Mukteda es-Sadr, Irak parlamentosundan çekilmesi, parlamento seçimlerinin yapılmasından yaklaşık dokuz ay sonra hükümet kurma çabalarını daha da karmaşık hale getiren etkili Şii din adamı, Ankara’ya karşı yürütülen kampanyaya öncülük ediyor ve bu da Sadr’ın iç siyaseti, amaçları için kullanmak adına bir fırsat gibi görünüyor.
Iraklı tatilcilerin öldürülmesi, Irak kamuoyunu Türkiye’nin yıllardır Kuzey Irak’ı işgal ettiği gerçeğine yeniden odakladı. Suriye, Türkiye ve Irak’ta uzun süre kalan, Princeton Üniversitesi’nde doktora öğrencisi ve Levant uzmanı Elizabeth Tsurkov, Türk konsoloslukları ve Bağdat’taki büyükelçilik önündeki protestolar ve Türk mallarını boykot çağrıları bu öfkenin bir göstergesidir” dedi ve şöyle devam etti.
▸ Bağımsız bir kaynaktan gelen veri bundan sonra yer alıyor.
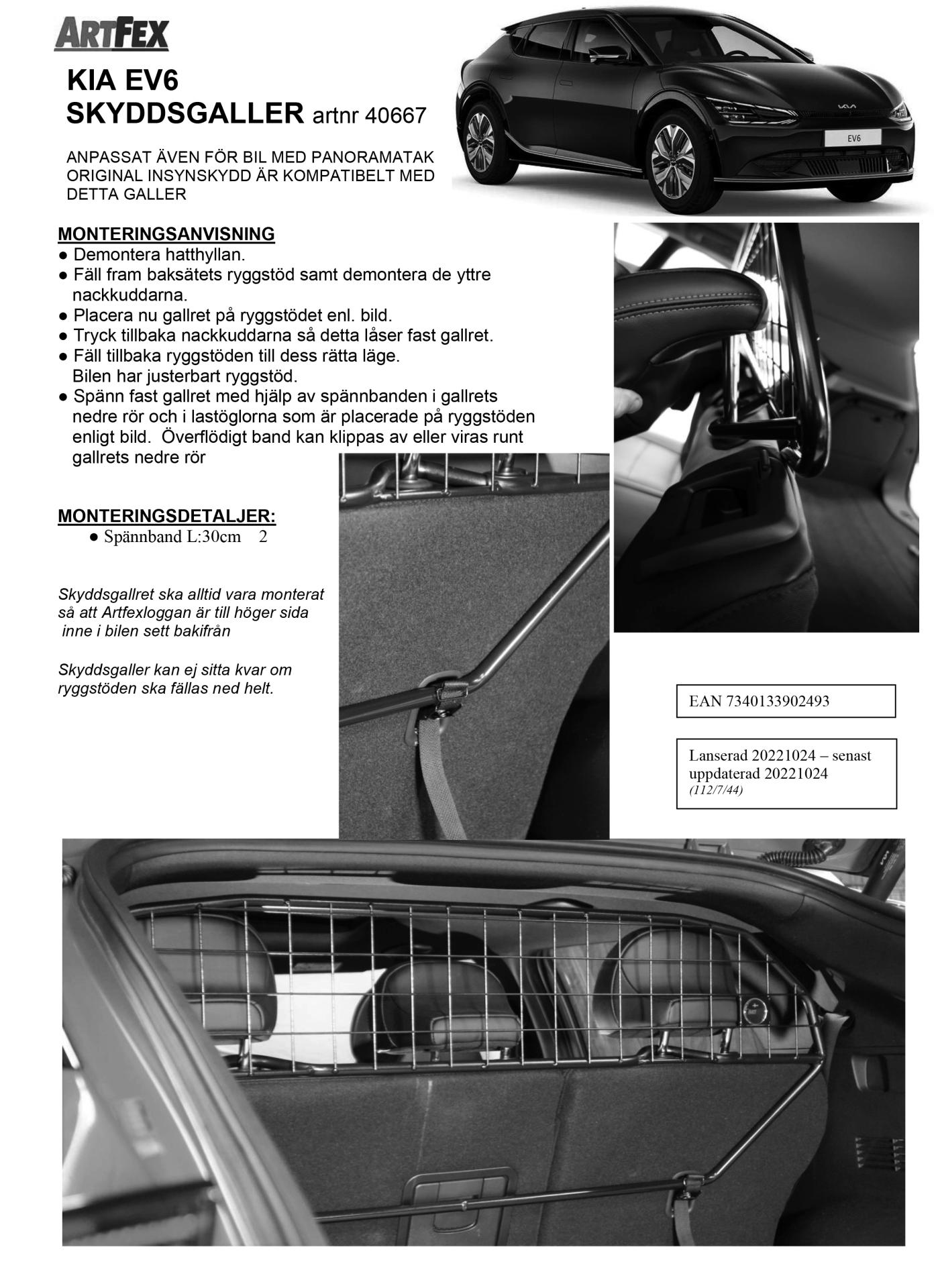 Kjør trygt i bilen med Artfex svenskproduserte laste/beskyttelsesgitter Kia EV6

“İlginç olan, bu öfkenin sivil toplum aktivistlerini, solcuları, Sadr ve rakiplerinin yandaşlarını ve İran yanlısı milisleri birleştirmesidir. Sadr, Irak’a sadece İranlılar ve Amerikalılara değil, tüm dış müdahalelere karşı olduğunu göstererek milliyetçi itibarını parlatabilir” dedi.